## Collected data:
- - -

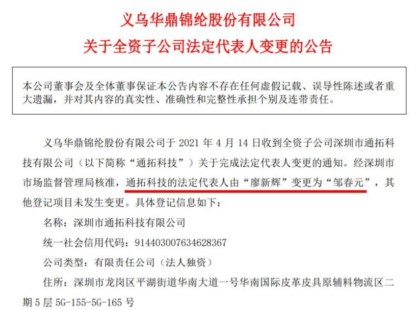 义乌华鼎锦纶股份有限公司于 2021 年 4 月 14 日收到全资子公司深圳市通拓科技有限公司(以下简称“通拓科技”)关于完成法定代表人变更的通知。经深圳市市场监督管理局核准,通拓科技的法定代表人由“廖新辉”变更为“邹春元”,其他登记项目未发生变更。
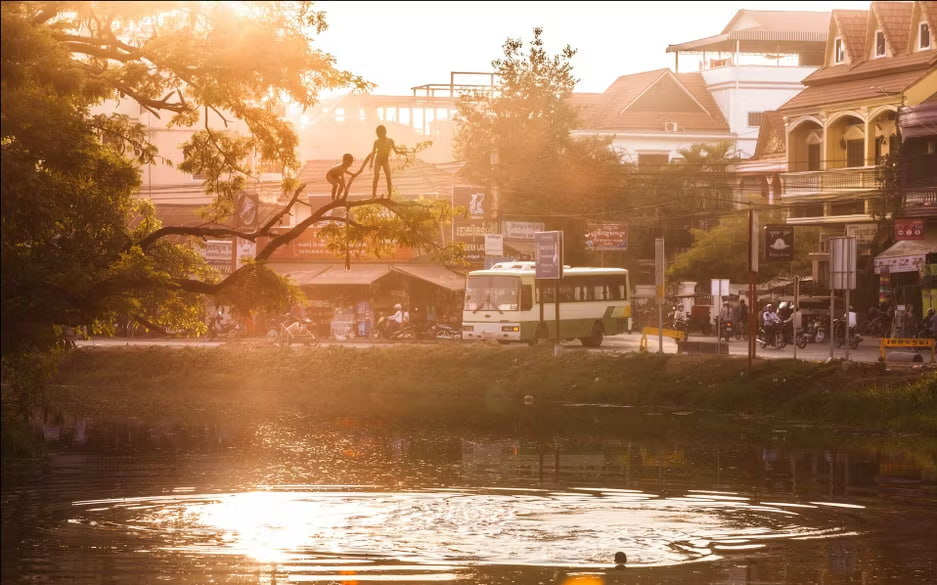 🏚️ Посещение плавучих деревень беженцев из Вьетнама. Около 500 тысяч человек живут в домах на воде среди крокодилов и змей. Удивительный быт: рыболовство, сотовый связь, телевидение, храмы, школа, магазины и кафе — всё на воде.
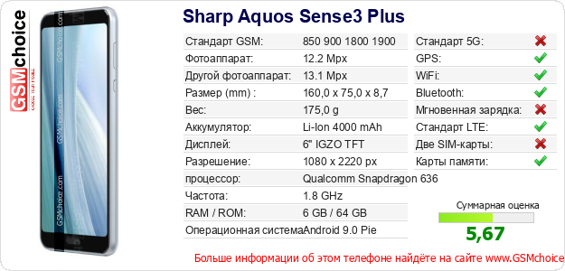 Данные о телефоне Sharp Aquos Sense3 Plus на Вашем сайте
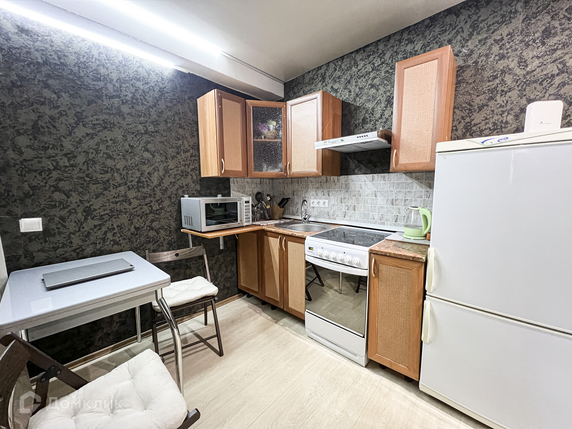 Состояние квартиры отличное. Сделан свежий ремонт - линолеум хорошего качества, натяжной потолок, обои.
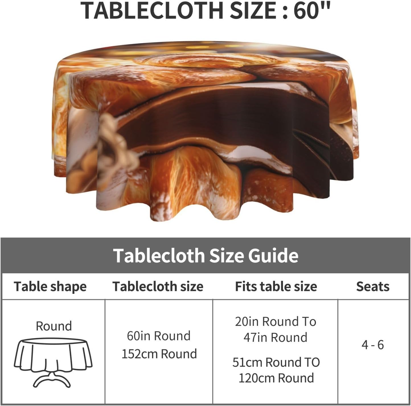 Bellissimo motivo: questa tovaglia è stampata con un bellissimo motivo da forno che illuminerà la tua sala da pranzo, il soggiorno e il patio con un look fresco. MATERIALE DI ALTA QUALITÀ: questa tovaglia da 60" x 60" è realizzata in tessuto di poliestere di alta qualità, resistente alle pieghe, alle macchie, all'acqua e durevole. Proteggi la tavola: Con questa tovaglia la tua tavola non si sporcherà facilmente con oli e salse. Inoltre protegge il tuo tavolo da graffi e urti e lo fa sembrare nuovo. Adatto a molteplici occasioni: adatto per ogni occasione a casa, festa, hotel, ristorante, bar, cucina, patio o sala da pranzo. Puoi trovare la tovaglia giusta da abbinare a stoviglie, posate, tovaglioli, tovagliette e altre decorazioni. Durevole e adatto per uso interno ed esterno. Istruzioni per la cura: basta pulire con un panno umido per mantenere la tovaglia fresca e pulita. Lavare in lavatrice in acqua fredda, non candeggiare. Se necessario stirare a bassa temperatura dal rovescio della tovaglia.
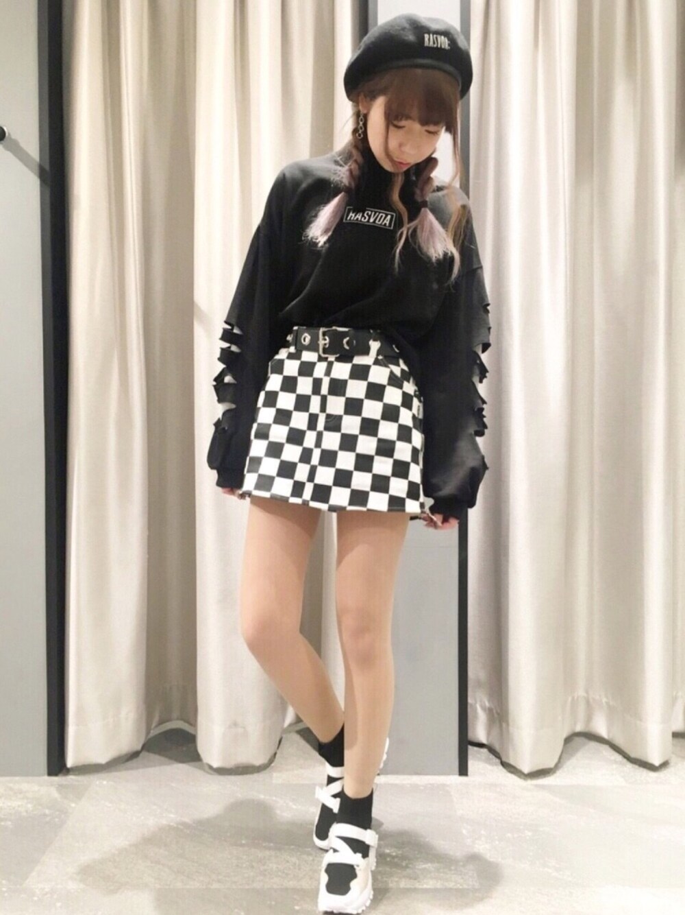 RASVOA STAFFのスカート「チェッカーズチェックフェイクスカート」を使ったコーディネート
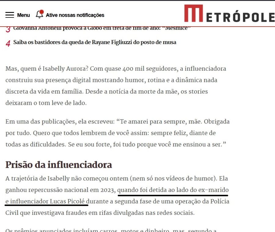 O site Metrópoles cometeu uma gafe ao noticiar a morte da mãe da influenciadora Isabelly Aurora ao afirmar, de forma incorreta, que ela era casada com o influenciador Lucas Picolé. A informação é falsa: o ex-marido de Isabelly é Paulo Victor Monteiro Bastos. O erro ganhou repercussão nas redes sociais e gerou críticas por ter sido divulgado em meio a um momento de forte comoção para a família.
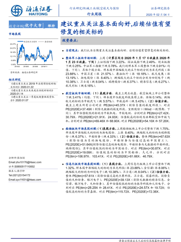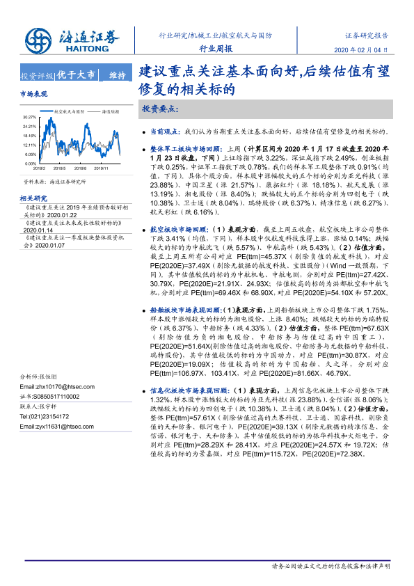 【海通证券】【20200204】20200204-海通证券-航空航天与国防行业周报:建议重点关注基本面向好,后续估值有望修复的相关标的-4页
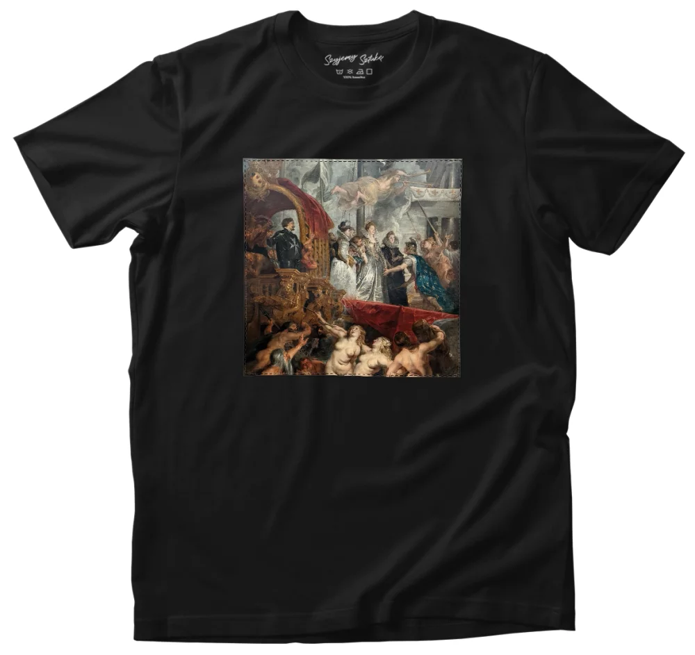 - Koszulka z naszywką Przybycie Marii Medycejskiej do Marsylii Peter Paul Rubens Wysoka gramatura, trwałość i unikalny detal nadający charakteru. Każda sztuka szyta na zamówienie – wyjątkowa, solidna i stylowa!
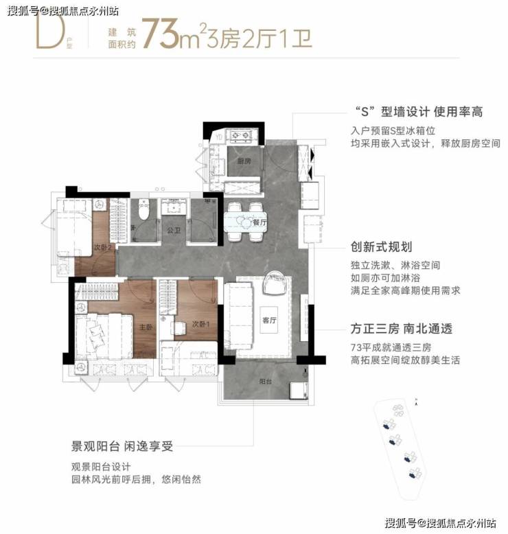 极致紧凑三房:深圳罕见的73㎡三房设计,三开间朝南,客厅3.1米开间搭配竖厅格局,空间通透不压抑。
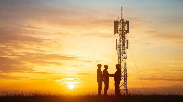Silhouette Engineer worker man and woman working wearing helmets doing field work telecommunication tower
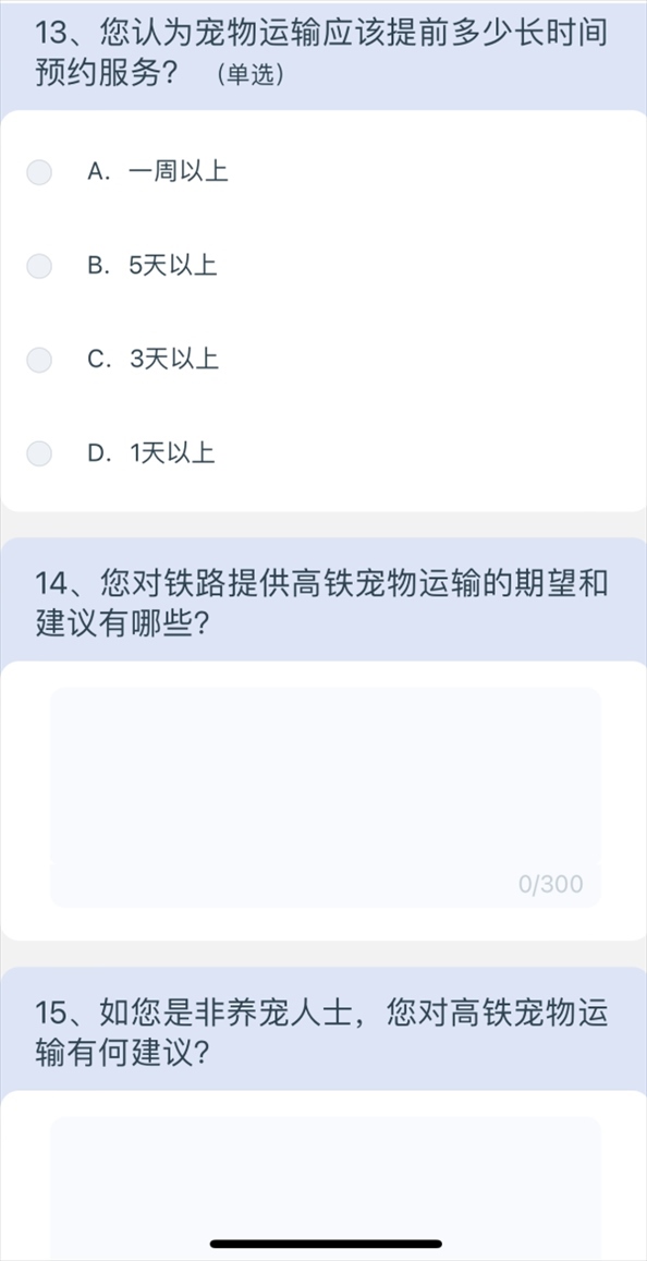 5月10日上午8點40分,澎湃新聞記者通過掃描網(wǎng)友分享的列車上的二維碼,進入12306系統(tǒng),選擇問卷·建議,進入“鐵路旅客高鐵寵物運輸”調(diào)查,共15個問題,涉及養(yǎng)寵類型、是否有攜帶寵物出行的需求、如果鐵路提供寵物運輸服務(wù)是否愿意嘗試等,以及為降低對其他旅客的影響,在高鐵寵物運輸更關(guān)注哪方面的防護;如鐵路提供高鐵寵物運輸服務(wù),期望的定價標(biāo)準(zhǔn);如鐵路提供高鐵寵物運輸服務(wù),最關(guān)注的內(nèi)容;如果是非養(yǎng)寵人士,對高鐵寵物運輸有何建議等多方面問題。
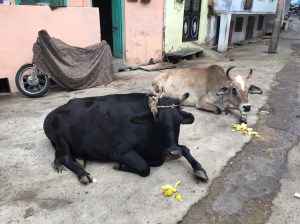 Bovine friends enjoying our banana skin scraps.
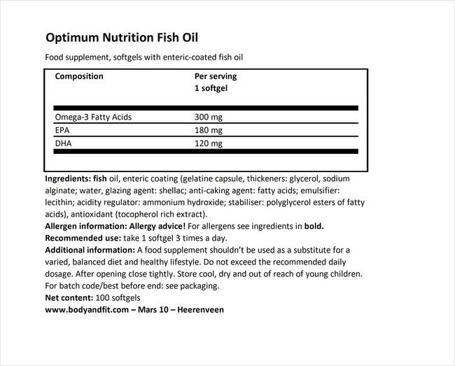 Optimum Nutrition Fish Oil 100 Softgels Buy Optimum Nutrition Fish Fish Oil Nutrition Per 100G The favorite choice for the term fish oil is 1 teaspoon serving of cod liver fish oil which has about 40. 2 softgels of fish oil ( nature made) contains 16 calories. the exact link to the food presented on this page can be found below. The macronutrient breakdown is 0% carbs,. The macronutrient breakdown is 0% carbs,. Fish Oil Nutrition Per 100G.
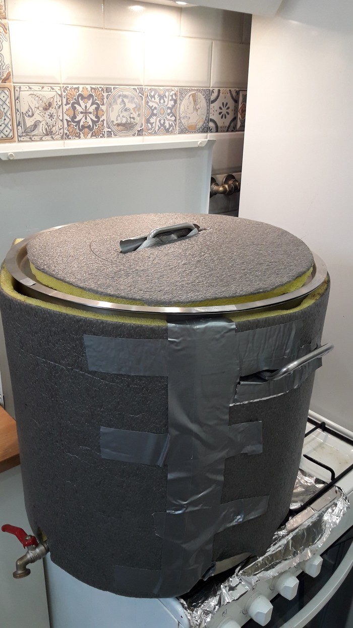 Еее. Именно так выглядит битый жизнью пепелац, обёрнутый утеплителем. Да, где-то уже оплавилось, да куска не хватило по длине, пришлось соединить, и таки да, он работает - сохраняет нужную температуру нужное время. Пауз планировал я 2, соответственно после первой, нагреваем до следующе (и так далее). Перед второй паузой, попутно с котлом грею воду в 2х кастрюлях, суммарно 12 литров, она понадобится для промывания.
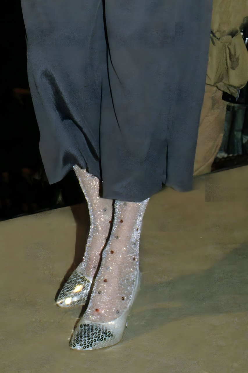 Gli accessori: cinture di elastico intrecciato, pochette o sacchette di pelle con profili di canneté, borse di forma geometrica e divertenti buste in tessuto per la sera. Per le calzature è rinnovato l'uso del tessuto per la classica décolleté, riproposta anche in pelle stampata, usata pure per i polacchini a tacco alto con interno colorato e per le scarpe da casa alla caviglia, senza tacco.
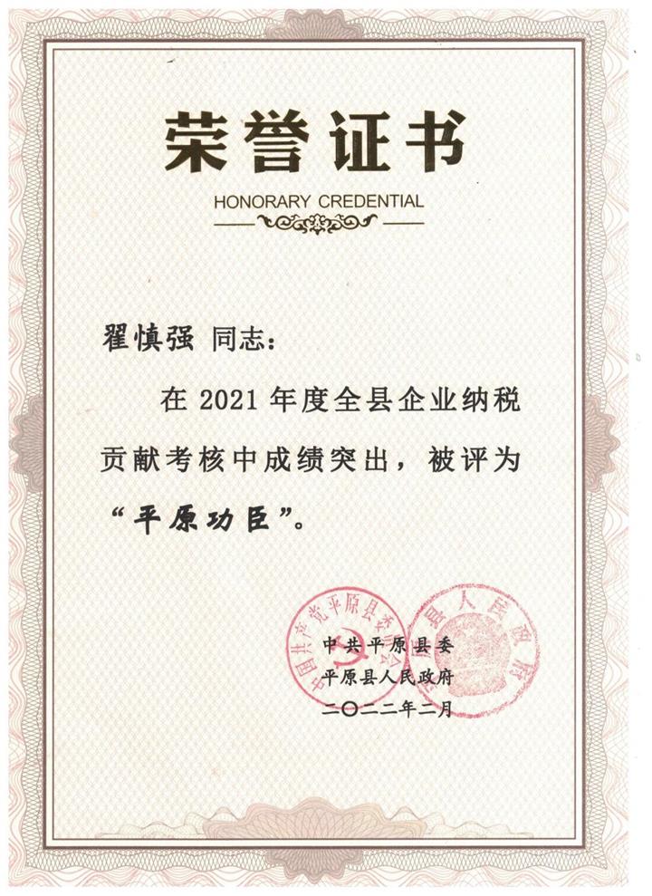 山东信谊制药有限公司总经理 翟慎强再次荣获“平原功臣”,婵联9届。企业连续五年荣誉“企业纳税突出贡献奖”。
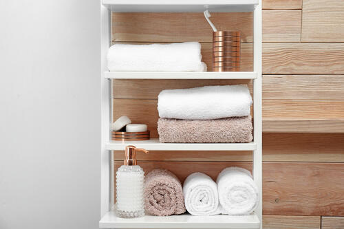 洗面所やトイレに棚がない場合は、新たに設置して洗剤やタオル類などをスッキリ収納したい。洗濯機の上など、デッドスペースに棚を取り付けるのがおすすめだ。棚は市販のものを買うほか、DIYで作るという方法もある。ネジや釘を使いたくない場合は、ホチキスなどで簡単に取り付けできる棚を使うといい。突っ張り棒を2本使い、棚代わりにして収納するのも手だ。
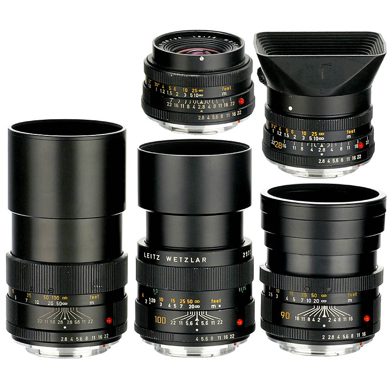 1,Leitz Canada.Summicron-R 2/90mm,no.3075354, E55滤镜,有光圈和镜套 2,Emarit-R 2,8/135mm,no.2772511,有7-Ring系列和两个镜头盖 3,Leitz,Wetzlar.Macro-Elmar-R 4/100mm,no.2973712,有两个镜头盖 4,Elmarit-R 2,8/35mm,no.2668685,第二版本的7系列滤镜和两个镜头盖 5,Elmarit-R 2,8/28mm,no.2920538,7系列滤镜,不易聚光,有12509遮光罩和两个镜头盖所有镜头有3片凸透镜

- - -

## WORK TASK:
The exact lines from the beginning of the data through the one that contains "всё на воде." must be given again, both ends included, and pictures must be left out.

## WORKED SOLUTION:
 义乌华鼎锦纶股份有限公司于 2021 年 4 月 14 日收到全资子公司深圳市通拓科技有限公司(以下简称“通拓科技”)关于完成法定代表人变更的通知。经深圳市市场监督管理局核准,通拓科技的法定代表人由“廖新辉”变更为“邹春元”,其他登记项目未发生变更。
 🏚️ Посещение плавучих деревень беженцев из Вьетнама. Около 500 тысяч человек живут в домах на воде среди крокодилов и змей. Удивительный быт: рыболовство, сотовый связь, телевидение, храмы, школа, магазины и кафе — всё на воде.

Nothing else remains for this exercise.